The Changing Nature of B2B markets


B2B markets are evolving rapidly toward an information era, where both buyers and sellers have increased information, which changes the nature of competition.


The industrial revolution was based on information asymmetry; one side of the relationship had more information than the other. In the present era of information ubiquity, both buyers and sellers have increased information about each other. These changing conditions are reshaping how companies in B2B markets go-to-market and more companies recognise the power of building a strong buyer-seller relationship to improve the business efficiency, resulting in lower costs and higher profitability to both the buyer and seller. The key value drivers/needs in B2B markets, is most often seen to be; optimise processes, increased access to knowledge, available IT systems & services, lowering of costs/ time-to-market, increase revenue to build a sustainable competitive advantage.


B2B relationships are becoming an imperative aspect to stay competitive in a fast moving competitive marketplace. A firm’s ability to survive in a competitive market is to some extent based on its business relationships and their combined resourcefulness in creating sustainable competitive advantage, to which they seek to exploit each others capabilities.

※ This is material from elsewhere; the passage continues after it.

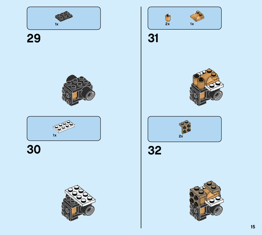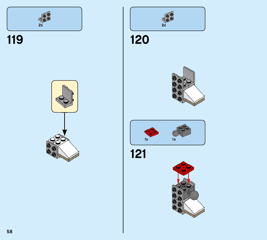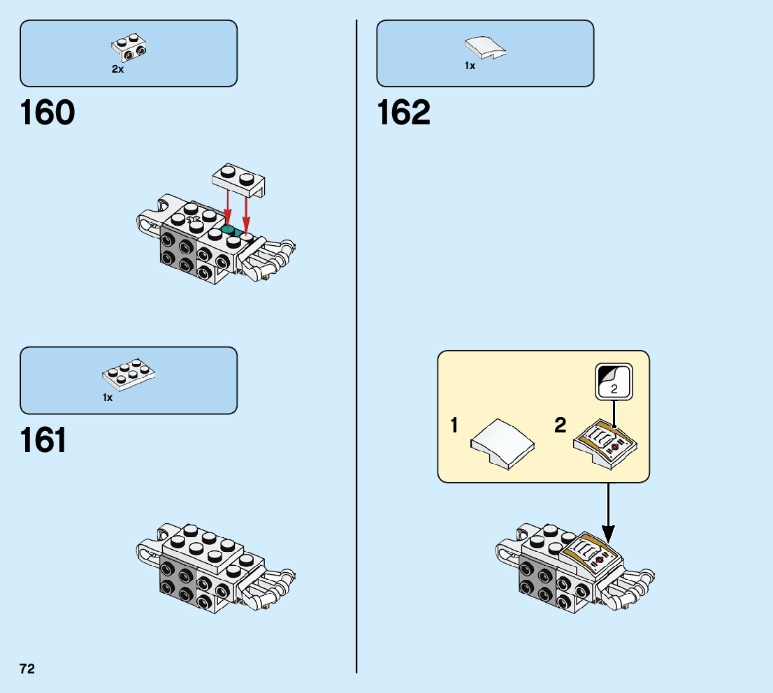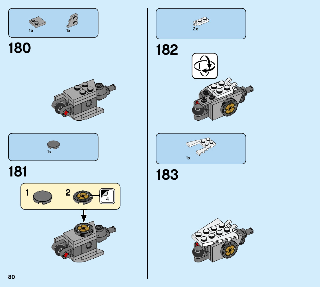 The assembly guide is prepared in a very understandable way for children and adult LEGO enthusiasts. A total of 108 picture galleries are shown, explaining the step-by-step construction stages for 1 different structures.
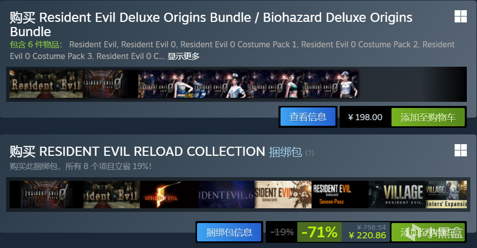 steam官网提供生化危机系列的demo

In today’s competitive and complex business environment, it is no longer enough to be product, price and market oriented; companies in B2B markets must attempt to deliver two types of value; 1) build relationships with business customers 2) collaborate with them through value creating capabilities.


The computer chip producers, LSI Logic Corporation and VLSI Technology, provide their business customers with ‘do-it-yourself’ tools that enable customer-chip-based manufacturers (e.g. toy manufacturers that need circuitry in their products) to design their own specialised chips, thus taking the custom computer chip market from virtually nothing to more than $20 billion. Another examples is Rolls-Royce, who competes not just on its ability to build airplane engines, but collaborate with airline companies to establish a close buyer-seller relationship, to which co- creation of value is accomplished across a range of products and services. Equally companies such as IBM and General Electric have developed specific capabilities necessary to design, produce and integrate their offerings to ensure performance, relationship and co-creation of value, delivered to individual customer's business requirements and needs. 


Today companies in B2B markets must aim to provide solutions and create superior value for its customers, rather than offering simple stand alone products or services. This can also be called 'mutual development', that represent the willingness of both seller and buyer to share information, technology and/or products with the intention to effectively enhance each others’ competitive advantage in the marketplace, which ultimately build the buyer-seller relationship.


Companies in B2B markets must recognise the need to re-programme how they look at their competitors and instead see them as potential partners, contributors of know-how and ressources that can be of great value if mutually exploited.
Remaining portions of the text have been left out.